* What the exercise asks: Every record is to be printed exactly as written; pictures are to be omitted.

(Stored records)
● ● ●
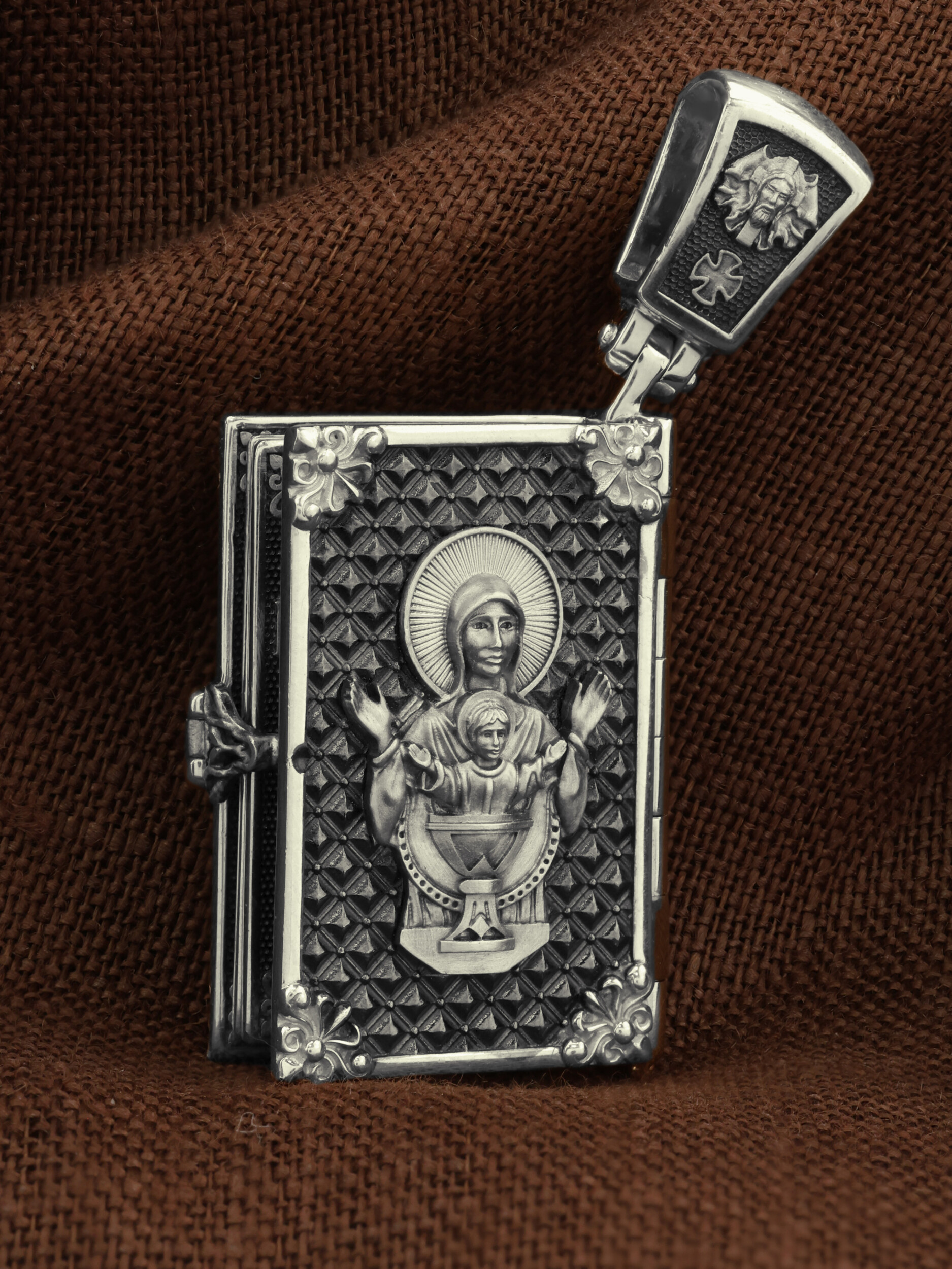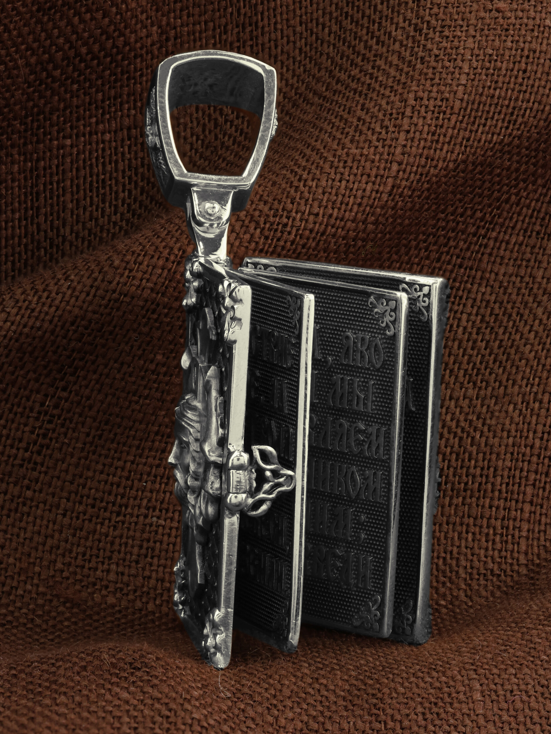 Специальная застежка сбоку скрывает внутреннее содержимое изделия — страницы, на которых выгровированы слова молитвы «Отче наш»: «Отче наш, Иже еси на небесех! Да святится имя Твое, да приидет Царствие Твое, да будет воля Твоя, яко на небеси и на земли. Хлеб наш насущный даждь нам днесь; и остави нам долги наша, яко и мы оставляем должником нашим; и не введи нас в напасть, но избави нас от лукаваго: Яко твое есть царствие и сила и слава во веки. Аминь».
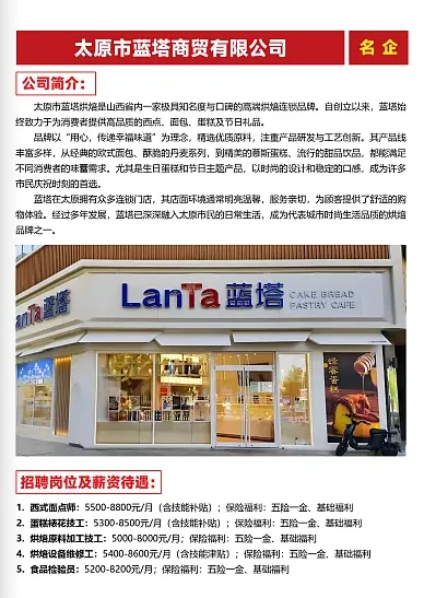 太原市蓝塔商贸有限公司作为山西烘焙行业的标杆企业,不仅为毕业生提供稳定就业机会,更通过技术岗位实践助力技能提升。对于山西冶金技师学院毕业生而言,这里是一个将专业技术应用于服务行业、实现职业发展的优质平台。欢迎有志于技术应用与服务创新的毕业生加入,共同书写烘焙行业技术赋能的新篇章。
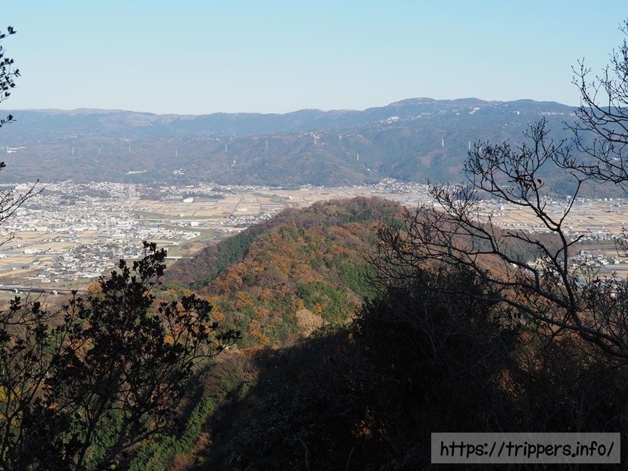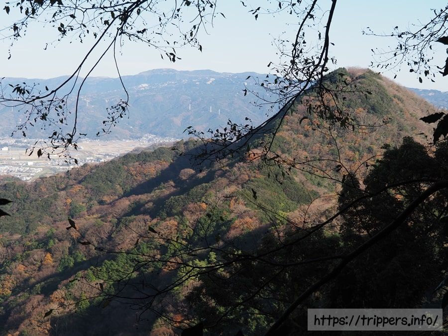 木々の隙間からは狩野川や伊豆スカイラインに沿った山の連なりが見えます。手前に見える沼津アルプスの端っこが、奥沼津アルプスのゴールかと思っていたのですが、画面に映らない更に右奥がゴールだったようで、まだまだ全行程の中盤は続きます。
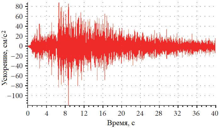 Рис. 10. Входные колебания грунта при землетрясении в штате Вирджиния США (экстремальном)
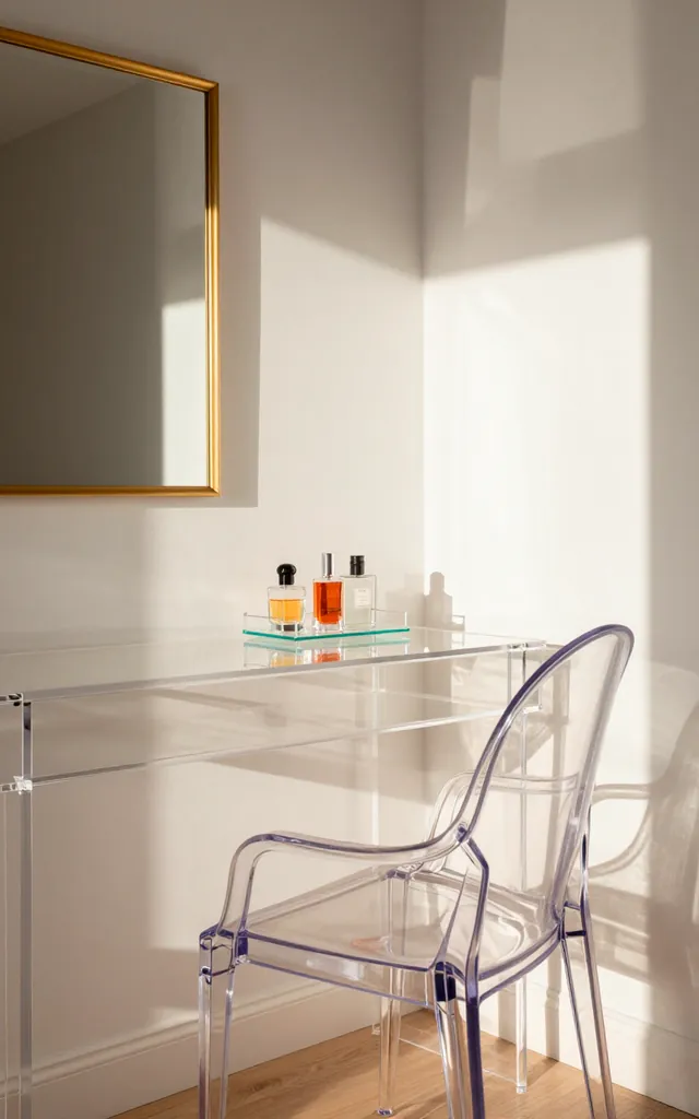I swear by acrylic furniture when space feels tight. Because these pieces are clear, they literally vanish into the room. I use a transparent ghost chair and clear shelving to keep my dressing area from looking like a cluttered warehouse. Why block your visual field with bulky wood? These pieces provide all the function without any of the visual weight. IMO, it’s the ultimate hack for anyone living in a glorified walk-in closet.
● ● ●
* Task response:
 Специальная застежка сбоку скрывает внутреннее содержимое изделия — страницы, на которых выгровированы слова молитвы «Отче наш»: «Отче наш, Иже еси на небесех! Да святится имя Твое, да приидет Царствие Твое, да будет воля Твоя, яко на небеси и на земли. Хлеб наш насущный даждь нам днесь; и остави нам долги наша, яко и мы оставляем должником нашим; и не введи нас в напасть, но избави нас от лукаваго: Яко твое есть царствие и сила и слава во веки. Аминь».
 太原市蓝塔商贸有限公司作为山西烘焙行业的标杆企业,不仅为毕业生提供稳定就业机会,更通过技术岗位实践助力技能提升。对于山西冶金技师学院毕业生而言,这里是一个将专业技术应用于服务行业、实现职业发展的优质平台。欢迎有志于技术应用与服务创新的毕业生加入,共同书写烘焙行业技术赋能的新篇章。
 木々の隙間からは狩野川や伊豆スカイラインに沿った山の連なりが見えます。手前に見える沼津アルプスの端っこが、奥沼津アルプスのゴールかと思っていたのですが、画面に映らない更に右奥がゴールだったようで、まだまだ全行程の中盤は続きます。
 Рис. 10. Входные колебания грунта при землетрясении в штате Вирджиния США (экстремальном)
I swear by acrylic furniture when space feels tight. Because these pieces are clear, they literally vanish into the room. I use a transparent ghost chair and clear shelving to keep my dressing area from looking like a cluttered warehouse. Why block your visual field with bulky wood? These pieces provide all the function without any of the visual weight. IMO, it’s the ultimate hack for anyone living in a glorified walk-in closet.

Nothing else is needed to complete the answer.